Begin at the line below that has "Duyfhuisstraat 17 is". Stop after the line that has "2015年5月3-6日,中华", repeating each line exactly and leaving out the pictures.

Start of Data section

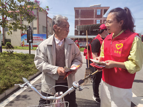 臨江鎮(zhèn)團(tuán)委組織志愿者進(jìn)村宣傳。
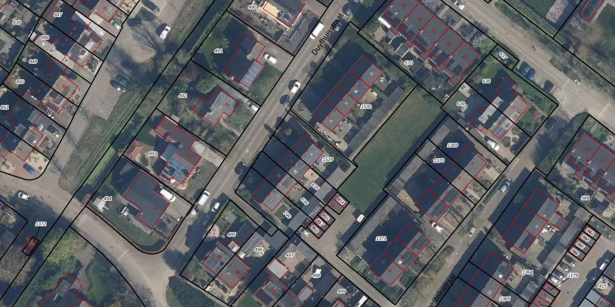 Duyfhuisstraat 17 is gelegen op kadastraal perceel DEI00L1529. Deze kadastrale aanduiding is uniek en wordt gebruikt door het Kadaster om eigendomsrechten en andere zakelijke rechten vast te leggen. Het perceel maakt onderdeel uit van de kadastrale gemeente Deil.
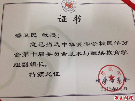 2015年5月3-6日,中华医学会核医学分会2015年全国核医学学术年会、第六次青年核医学学术交流会、第三次中美核医学学术交流会在上海胜利召开。我院核医学科潘卫民主任和肖欢副主任医师参会。会议期间,中华医学会核医学分会第十届科普与继续教育学组成立,我院核医学科潘卫民主任当选为新一届的科普与继教学组副组长。这是潘卫民主任继去年十月当选中华医学会核医学分会全国委员(以海南省核医学分会候任主委)后,再次当选中华医学会全国专业分会学组的副组长,标志着我院核医学科的科普继教工作得到全国同行的认可。同时,会议期间,还选举产生了第十届中华医学会核医学分会青年委员会,肖欢副主任医师当选青年委员。
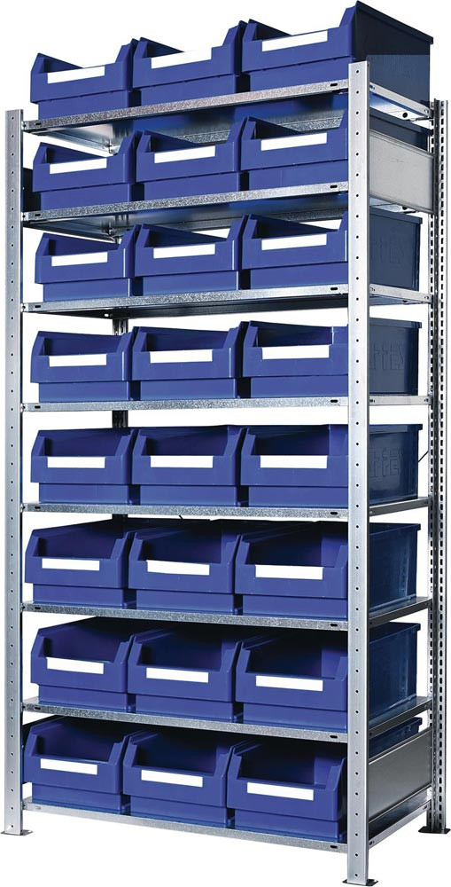 komplett mit Sichtlagerkästen Raster-Plan°· einfache und schnelle Steckmontage mit vormontierten verzinkten Rahmen · Fachböden verzinkt mit verstärktem Kastenprofil, H 25 mm, höhenverstellbar im 25-mm-Raster · Tragfähigkeit pro Fachboden 150 kg · Feldlast 1300 kg

End of Data section

Solution:
 Duyfhuisstraat 17 is gelegen op kadastraal perceel DEI00L1529. Deze kadastrale aanduiding is uniek en wordt gebruikt door het Kadaster om eigendomsrechten en andere zakelijke rechten vast te leggen. Het perceel maakt onderdeel uit van de kadastrale gemeente Deil.
 2015年5月3-6日,中华医学会核医学分会2015年全国核医学学术年会、第六次青年核医学学术交流会、第三次中美核医学学术交流会在上海胜利召开。我院核医学科潘卫民主任和肖欢副主任医师参会。会议期间,中华医学会核医学分会第十届科普与继续教育学组成立,我院核医学科潘卫民主任当选为新一届的科普与继教学组副组长。这是潘卫民主任继去年十月当选中华医学会核医学分会全国委员(以海南省核医学分会候任主委)后,再次当选中华医学会全国专业分会学组的副组长,标志着我院核医学科的科普继教工作得到全国同行的认可。同时,会议期间,还选举产生了第十届中华医学会核医学分会青年委员会,肖欢副主任医师当选青年委员。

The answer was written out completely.